Performance, Scaling, and Monitoring
Performance and Scaling Overview
Generator consists of two main services that work together:
- Backend service: Handles API requests and user interactions
- Worker service: Processes background tasks and content generation
Both services are designed to be stateless and horizontally scalable. This guide covers two main aspects of scaling:
- Container Provisioning: How to size individual containers (vertical scaling)
- Scaling Strategies: Different approaches to handling load, including both vertical and horizontal scaling
Both approaches can achieve similar performance, but horizontal scaling offers more flexibility for dynamic workloads.
Container Provisioning
This section covers how to size individual containers (vertical scaling) by allocating appropriate CPU and memory resources.
Backend Service Provisioning
The backend service automatically scales to use available CPU resources:
- Automatic scaling: One worker process per CPU core (no configuration required)
- Stateless design: Multiple backend containers can run simultaneously
- Load balancing: Use a load balancer to distribute requests across backend instances
Worker Service Provisioning
Worker containers process background tasks and can be scaled independently:
Environment Variables:
THREADS__DRAMATIQ_PROCESSES: Number of Dramatiq processes per containerTHREADS__DRAMATIQ_THREADS: Number of threads per process
Scaling Guidelines:
- Memory-based: Start with ~1 thread per GB of memory on worker nodes
- Process scaling: Each process contains
THREADS__DRAMATIQ_THREADSthreads - Resource monitoring: Increase threads if host metrics aren’t stressed
- PDF processing: Uses significant memory; adjust accordingly if not processing many PDFs
Example Configuration:
# For a 4GB worker node
THREADS__DRAMATIQ_THREADS=4
THREADS__DRAMATIQ_PROCESSES=1
# For a 16GB worker node with 2 processes
THREADS__DRAMATIQ_THREADS=8
THREADS__DRAMATIQ_PROCESSES=2
Scaling Strategies
This section covers different approaches to handling increased load, including both vertical scaling (bigger containers) and horizontal scaling (more containers).

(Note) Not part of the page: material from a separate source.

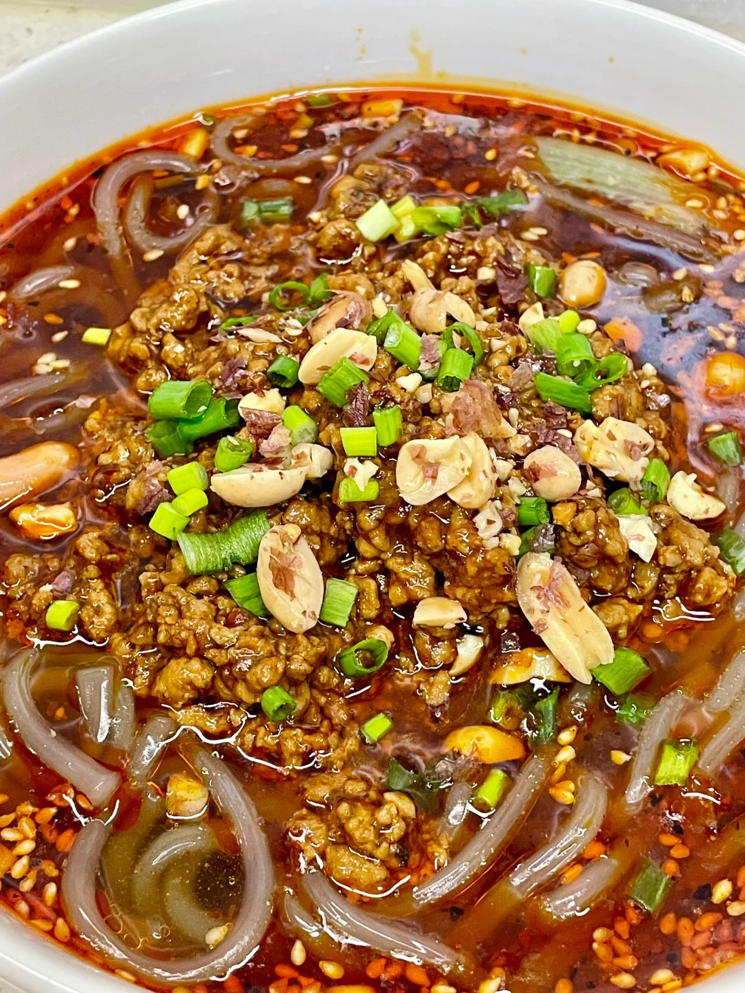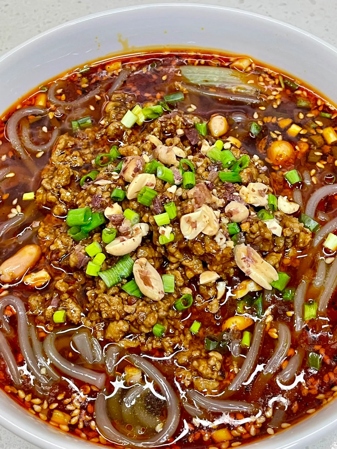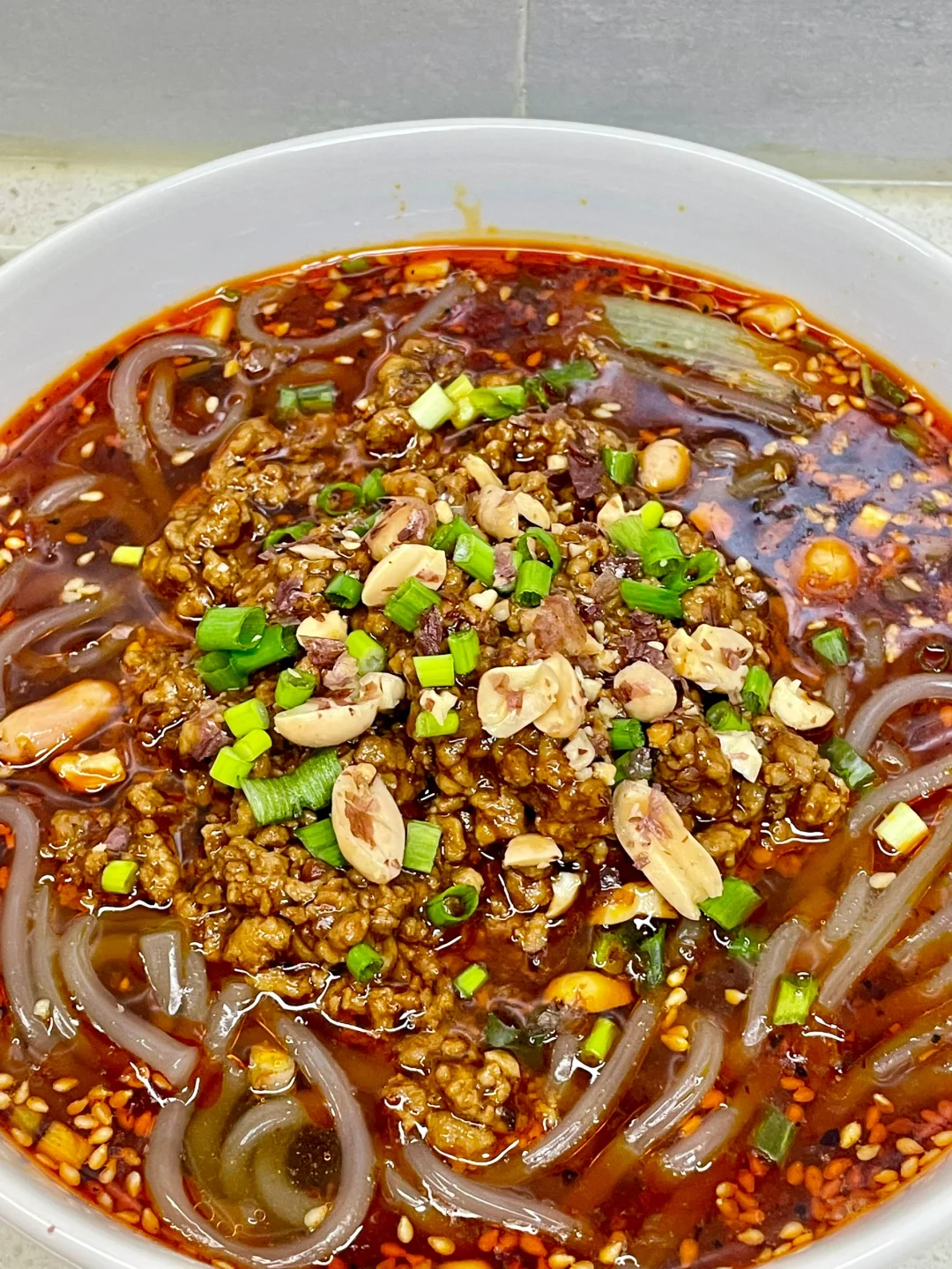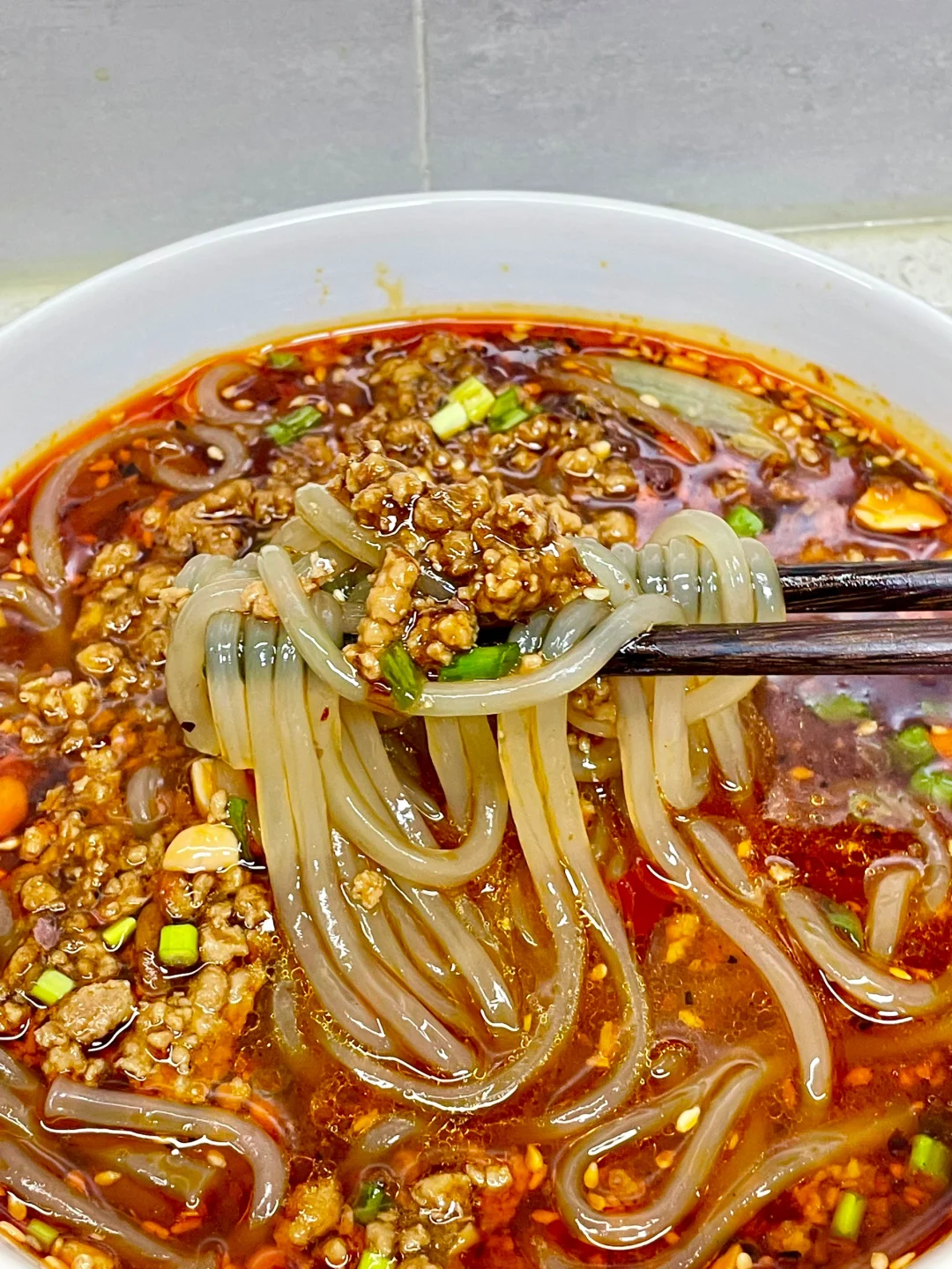酸辣粉也太好吃了,酸爽开胃,红薯粉劲道爽滑,再来上一大勺杂酱,也太过瘾了
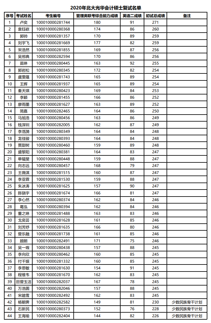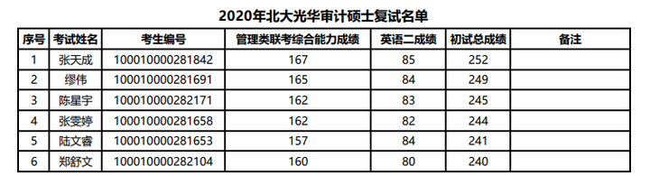根据我院招生计划和考生考试成绩情况,经校研招办批准2020年北京大学会计硕士复试分数线为:管理类综合知识150分,英语60分,总分245分;复试比例为171%;共有41名考生和3名专项计划考生参加复试。审计硕士复试分数线为:管理类综合知识155分,英语55分,总分240分;复试比例为120%;共有6名考生(不含专项计划)参加复试。

Vertical Scaling (Recommended for Simplicity)
Advantages:
- Simpler deployment and management
- Fewer moving parts
- Easier to troubleshoot
Configuration:
- Increase container CPU/memory allocation
- Backend automatically uses additional CPUs
- Adjust
THREADS__DRAMATIQ_THREADSfor worker containers
Horizontal Scaling (Recommended for Flexibility)
Advantages:
- Better resource utilization
- Easier to scale in/out based on demand
- Better fault tolerance
Configuration:
- Deploy multiple backend containers behind load balancer
- Deploy multiple worker containers
- Use container orchestration (ECS, Kubernetes, Docker Swarm, etc)
Autoscaling
Generator’s stateless design makes it well-suited for autoscaling. Since both backend and worker containers can be scaled independently, you can adjust capacity based on demand. Your load balancer will automatically distribute work across the backend containers, and the queue system will distribute work across the workers. This set-up makes it easy to scale up during peak usage and scale down during quieter periods.
Monitoring Resource Usage: While Generator provides a metrics endpoint (see Monitoring section below), container orchestration platforms like ECS or Kubernetes typically provide more comprehensive resource monitoring and autoscaling capabilities. These platforms can monitor CPU, memory, and queue depth to make more informed scaling decisions than the basic metrics endpoint alone.
Monitoring
Metrics Endpoint
Generator exposes Prometheus-style metrics with a /metrics. e.g.
▶ curl http://[generator server]/metrics
# HELP python_gc_objects_collected_total Objects collected during gc
# TYPE python_gc_objects_collected_total counter
python_gc_objects_collected_total{generation="0"} 1305.0
python_gc_objects_collected_total{generation="1"} 351.0
python_gc_objects_collected_total{generation="2"} 89.0
[...]
Available Metrics
- HTTP request volume and response times
- Python runtime metrics (memory usage, garbage collection)
- More in the future
To avoid leaking this information publicly, the metrics endpoint will reject any requests that were forwarded through a load balancer (determined by the presence of any X-Forwarded-* headers).
If you want to disable this endpoint, set the HOSTING__ENABLE_METRICS environment variable to false.